Assigned task ::
Print out every line of the material exactly. Include no pictures.
====== Data block ======
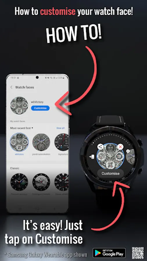 * Samsung watch devices use Galaxy Wearable App for customisations, other Wear OS watches use Wear OS app.
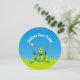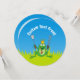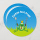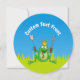 Grenouille Prince avec outils barbecue, tongs et spatule sur herbe verte sous ciel bleu.
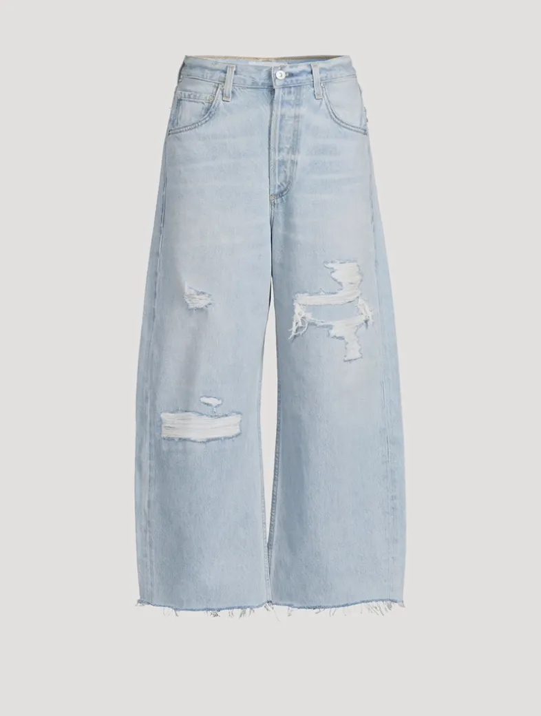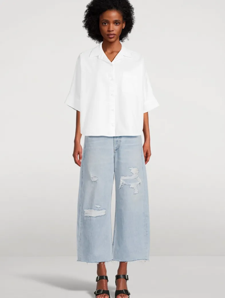 The Ayla Crop, inspired by a reworked vintage silhouette, features a slightly relaxed but flattering top block that transitions into a roomy leg with a raw-edge hem. This product is made with regenerative cotton from Citizens of Humanity Group’s Regenerative Cotton Program, which collaborates closely with farmers both domestically and internationally, nurturing growth, fostering education, and encouraging the widespread adoption of regenerative agricultural practices.
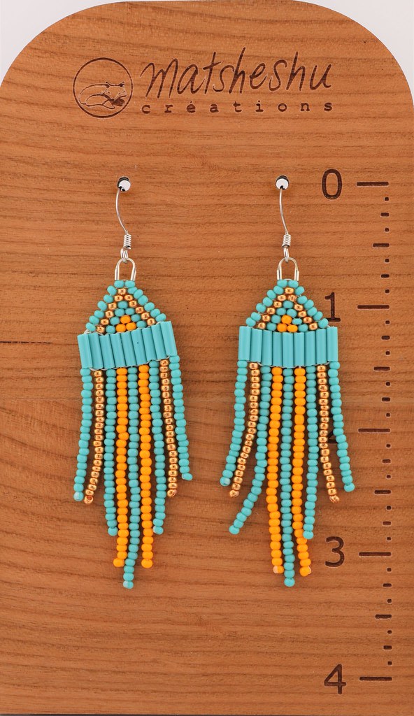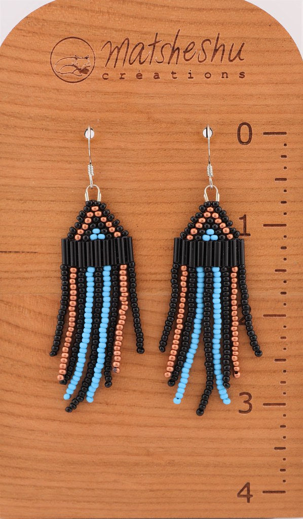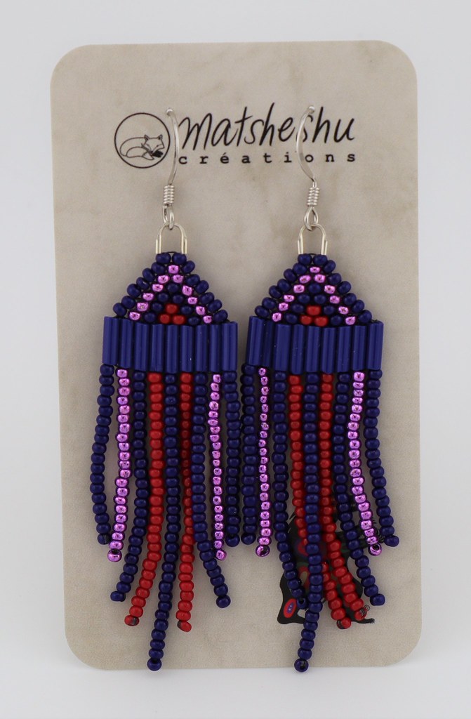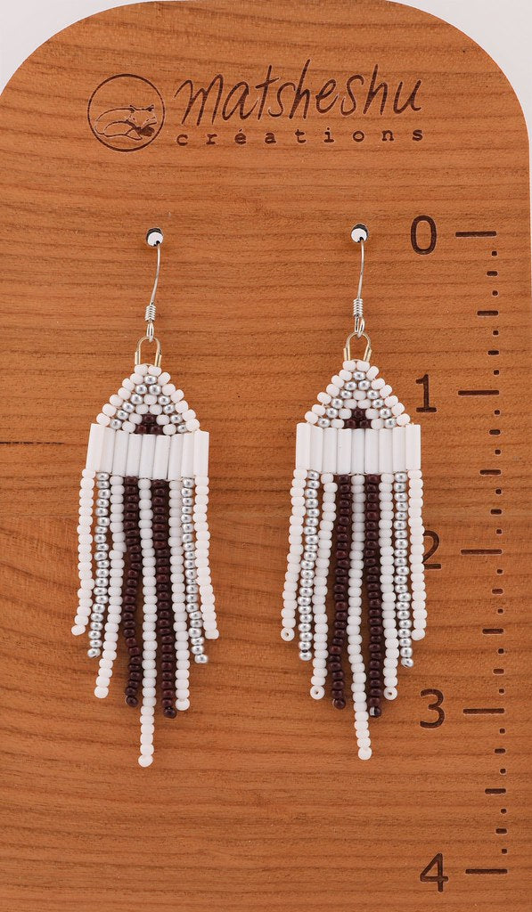 Petites boucles d'oreilles à franges en perles de verres montées sur une attache et crochet en acier inoxydable. Environ 3,5 pouces de long. Confectionnées avec soin par des artisanes innues de Mashteuiatsh
======
Solution to this problem ::
 * Samsung watch devices use Galaxy Wearable App for customisations, other Wear OS watches use Wear OS app.
 Grenouille Prince avec outils barbecue, tongs et spatule sur herbe verte sous ciel bleu.
 The Ayla Crop, inspired by a reworked vintage silhouette, features a slightly relaxed but flattering top block that transitions into a roomy leg with a raw-edge hem. This product is made with regenerative cotton from Citizens of Humanity Group’s Regenerative Cotton Program, which collaborates closely with farmers both domestically and internationally, nurturing growth, fostering education, and encouraging the widespread adoption of regenerative agricultural practices.
 Petites boucles d'oreilles à franges en perles de verres montées sur une attache et crochet en acier inoxydable. Environ 3,5 pouces de long. Confectionnées avec soin par des artisanes innues de Mashteuiatsh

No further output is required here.